Again we can run the circuits, and look at the calibration matrix, $M$.

In [25]:

```
backend = qiskit.Aer.get_backend('qasm_simulator')
job = qiskit.execute(meas_calibs, backend=backend, shots=1000, noise_model=noise_model)
cal_results = job.result()
meas_fitter = CompleteMeasFitter(cal_results, state_labels, circlabel='mcal')
print(meas_fitter.cal_matrix)
```

This time we find a more interesting matrix, and one that is not invertible. Let's see how well we can mitigate for this noise.

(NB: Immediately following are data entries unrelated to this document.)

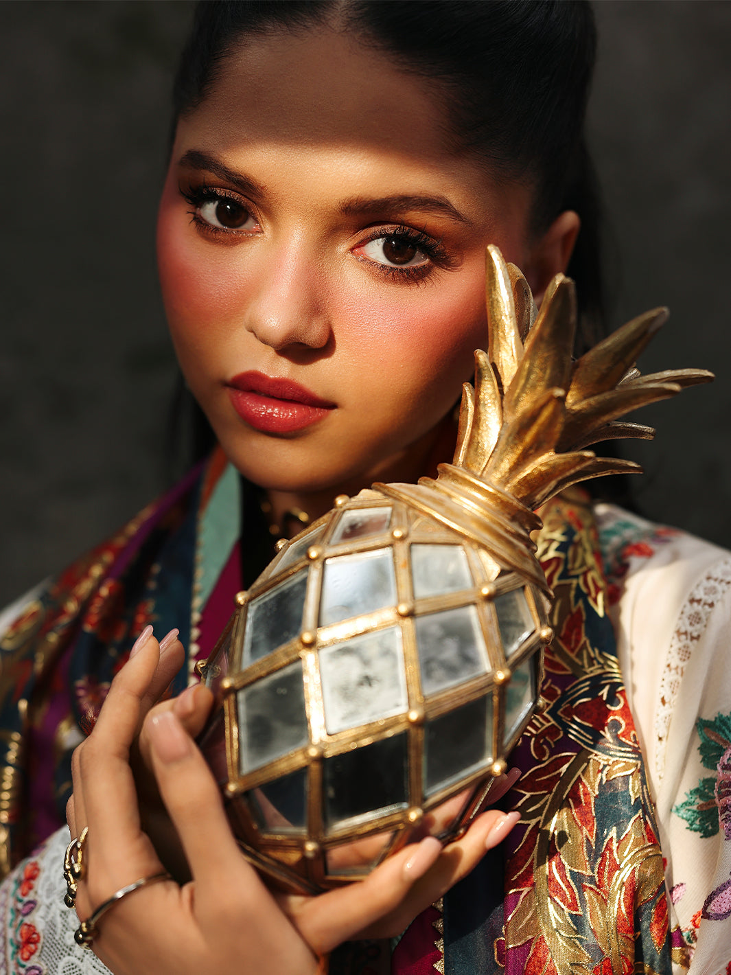 Fabric: Dyed Lawn Embroidered Front Left: 1 Piece Dyed Lawn Embroidered Front Right: 1 Piece Dyed Lawn Embroidered Sleeves Motifs: 2 Pieces Dyed Lawn Embroidered Sleeves Lace: 1 Meter Dyed Lawn Plain Sleeves: 0.33 Meter Dyed Lawn Embroidered Daman Lace: 0.80 Meter Dyed Lawn Plain Back: 1 Yard Embroidered Daman Lace On Dyed Organza: 0.80 Meter Digital Foil Print Silk Duppata: 2.50 Meter Dyed Cotton Trouser: 2.50 Meter |
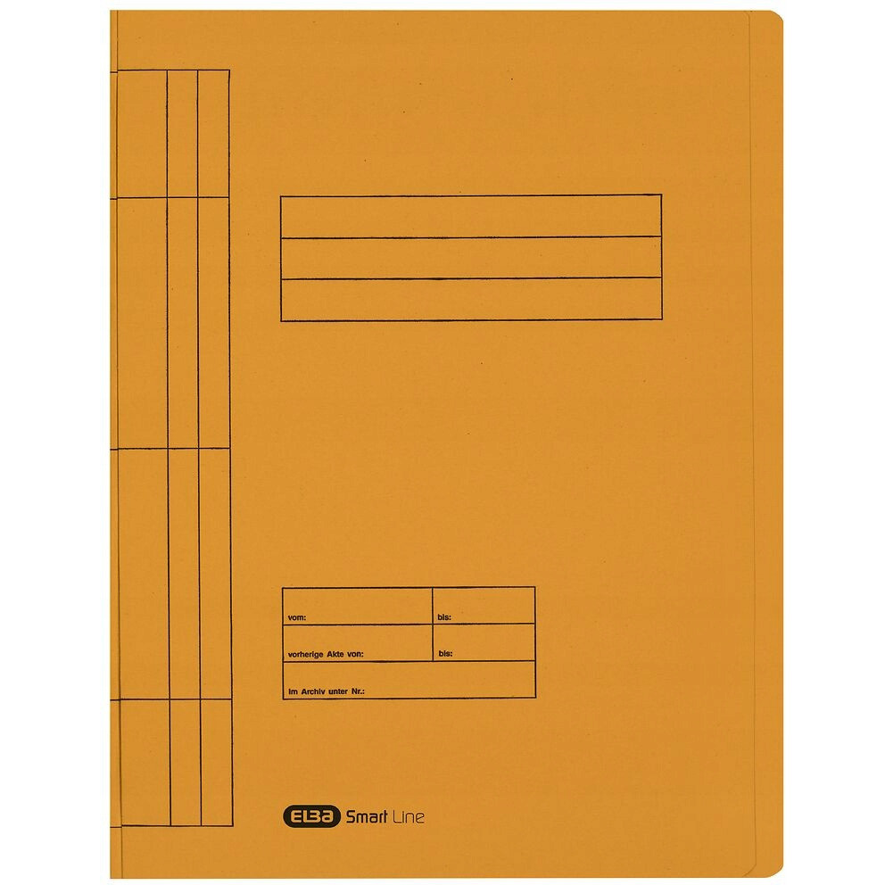 Skoroszyt w formacie A4, wykonany z zóltego kartonu Manilla barwionego w masie. Na frontowej okladce znajduje sie pole do opisu zawartości. Specjalne bigowanie na grzbiecie umozliwia jego poszerzenie dla zwiekszenia pojemności. Metalowe wąsy dobrze mocują dokumenty, co zapobiega ich wypadaniu.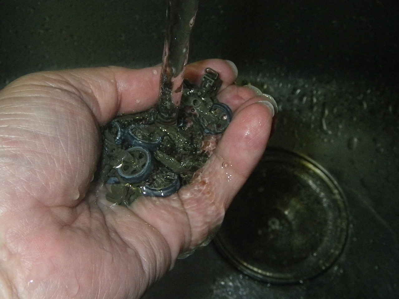 乾燥させます、まだ汚れが付き過ぎと感じれば水洗いを再度行います

Again, let's use the Bell state $(\left|00\right\rangle+\left|11\right\rangle)/\sqrt{2}$ for our test.

In [26]:

```
qc = QuantumCircuit(2,2)
qc.h(0)
qc.cx(0,1)
qc.measure(qc.qregs[0],qc.cregs[0])
results = qiskit.execute(qc, backend=backend, shots=10000, noise_model=noise_model).result()
noisy_counts = results.get_counts()
print(noisy_counts)
```

In Qiskit we mitigate for the noise by creating a measurement filter object. Then, taking the results from above, we use this to calulate a mitigated set of counts. Qiskit returns this as a dictionary, so that the user doesn't need to use vectors themselves to get the result.

In [27]:

```
# Get the filter object
meas_filter = meas_fitter.filter
# Results with mitigation
mitigated_results = meas_filter.apply(results)
mitigated_counts = mitigated_results.get_counts(0)
```

To see the results most clearly, let's plot both the noisy and mitigated results.

In [28]:

```
from qiskit.tools.visualization import *
plot_histogram([noisy_counts, mitigated_counts], legend=['noisy', 'mitigated'])
```

Out[28]:

Here we have taken results for which almost $20\%$ of samples are in the wrong state, and turned it into an exact representation of what the true results should be. However, this example does have just two qubits with a simple noise model. For more qubits, and more complex noise models or data from real devices, the mitigation will have more of a challenge. Perhaps you might find methods that are better than those Qiskit uses!